Supervised Machine Learning Algorithms.


Supervised Learning Algorithms

Table Of Contents:

  1. What Is Supervised Machine Learning.
  2. Examples Of Supervised Machine Learning.
  3. Types Of Supervised Learning Algorithms.
  4. Supervised Learning Algorithms.

(1) What Is Supervised Machine Learning?

  • Supervised Machine learning, is defined by its use of labeled datasets to train algorithms to classify data or predict outcomes accurately.
  • As input data is fed into the model, the model adjusts its weights until it has been fitted appropriately.
  • In supervised learning, the training data provided to the machines work as the supervisor that teaches the machines to predict the output correctly.

(2) Examples Of Supervised Machine Learning.

Example-1: House Price

  • One practical example of supervised learning problems is predicting house prices. How is this achieved?

  • First, we need data about the houses: square footage, number of rooms, features, whether a house has a garden or not, and so on.

  • We then need to know the prices of these houses, i.e. the corresponding labels.

  • By leveraging data coming from thousands of houses, their features, and prices, we can now train a supervised machine learning model to predict a new house’s price based on the examples observed by the model

Example-2: Is It A Cat Or Dog?

  • Image classification is a popular problem in the computer vision field. Here, the goal is to predict what class an image belongs to.
  • In this set of problems, we are interested in finding the class label of an image. More precisely: is the image of a car or a plane? A cat or a dog?

Example-3: How Is The Weather Today?

  • One particularly interesting problem which requires considering a lot of different parameters is predicting weather conditions in a particular location.

  • To make correct predictions for the weather, we need to take into account various parameters, including historical temperature data, precipitation, wind, humidity, and so on.

  • This particularly interesting and challenging problem may require developing complex supervised models that include multiple tasks.

  • Predicting today’s temperature is a regression problem, where the output labels are continuous variables.

  • By contrast, predicting whether it is going to snow or not tomorrow is a binary classification problem.

Example-4: Who Are The Unhappy Customer.?

  • Another great example of supervised learning is text classification problems.
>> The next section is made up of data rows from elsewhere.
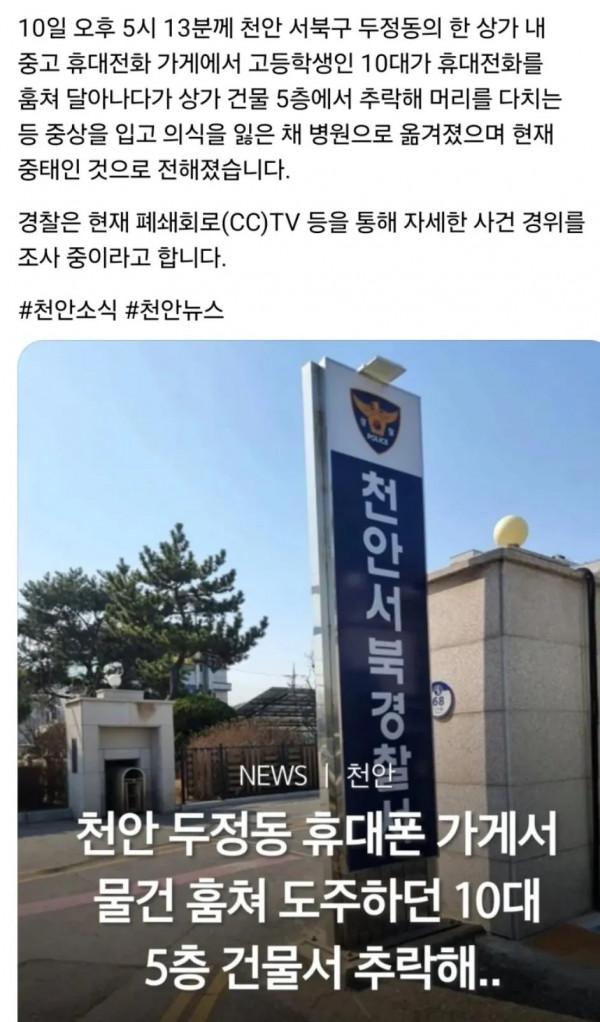 10대 청소년, 5층 건물에서 추락해 중태 페이지 정보 작성자 pkg 댓글 0건 조회 186회 작성일 26-04-12 10:24 목록 답변 글쓰기 본문 10대 청소년, 5층 건물에서 추락해 중태 이전글풍속화만 잘 그린 게 아니었던 김홍도 26.04.12 다음글한국인의 상충되는 두가지 욕구 26.04.12 댓글 0 댓글목록 등록된 댓글이 없습니다.
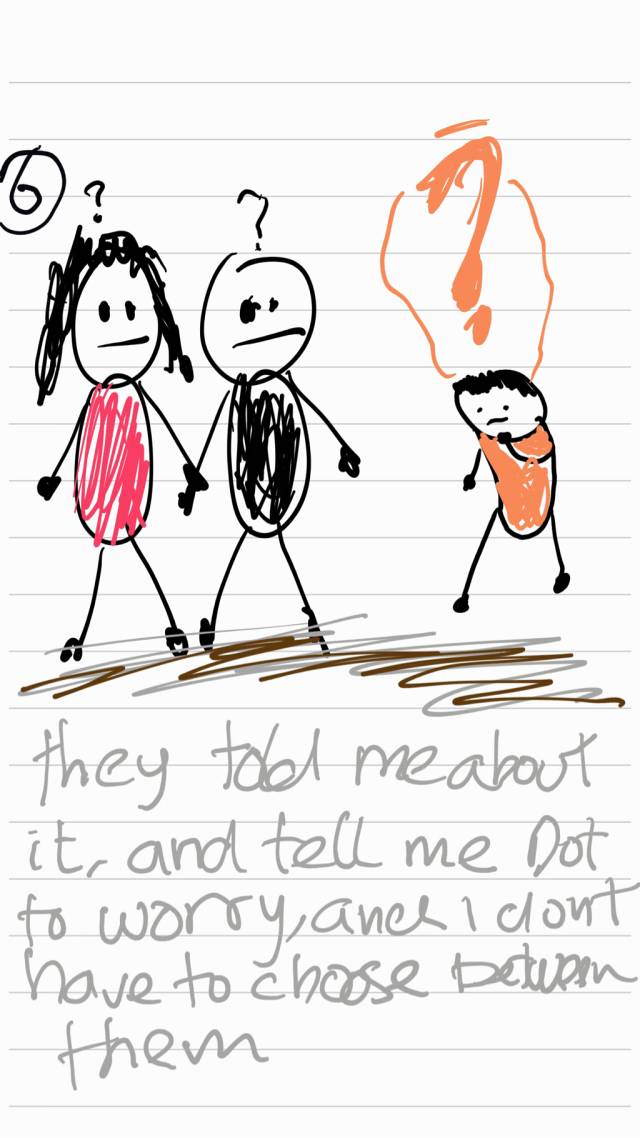 6. 他们把这件事情告诉了我,而且对我说不用担心,也不需要选择跟随着谁生活。
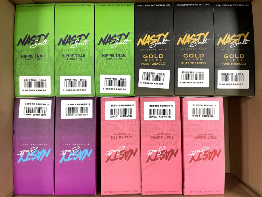 Eleven boxes of ten Nasty Salt 10ml 20mg Nic Salt E-Liquid (Assorted flavors and 2024 best before dates) (Over 18's only).

  • In this set of problems, the goal is to predict the class label of a given piece of text.

  • One particularly popular topic in text classification is to predict the sentiment of a piece of text, like a tweet or a product review.

  • This is widely used in the e-commerce industry to help companies to determine negative comments made by customers.

(3) Types Of Supervised Machine Learning.

  1. Regression Algorithms.
  2. Classification Algorithms.

(4) Regression Machine Learning Algorithm.

  • Regression algorithms are used if there is a relationship between the input variable and the output variable.
  • It is used for the prediction of continuous variables, such as Weather forecasting, Market Trends, etc.
  • Below are some popular Regression algorithms which come under supervised learning:

Regression Algorithms:

  1. Linear Regression.
  2. Regression Trees.
  3. Non-Linear Regression.
  4. Bayesian Linear Regression.
  5. Polynomial Regression.
  6. LASSO Regression.
  7. Ridge Regression.
  8. Weighted Least Squares Regression.

(5) Classification Machine Learning Algorithm.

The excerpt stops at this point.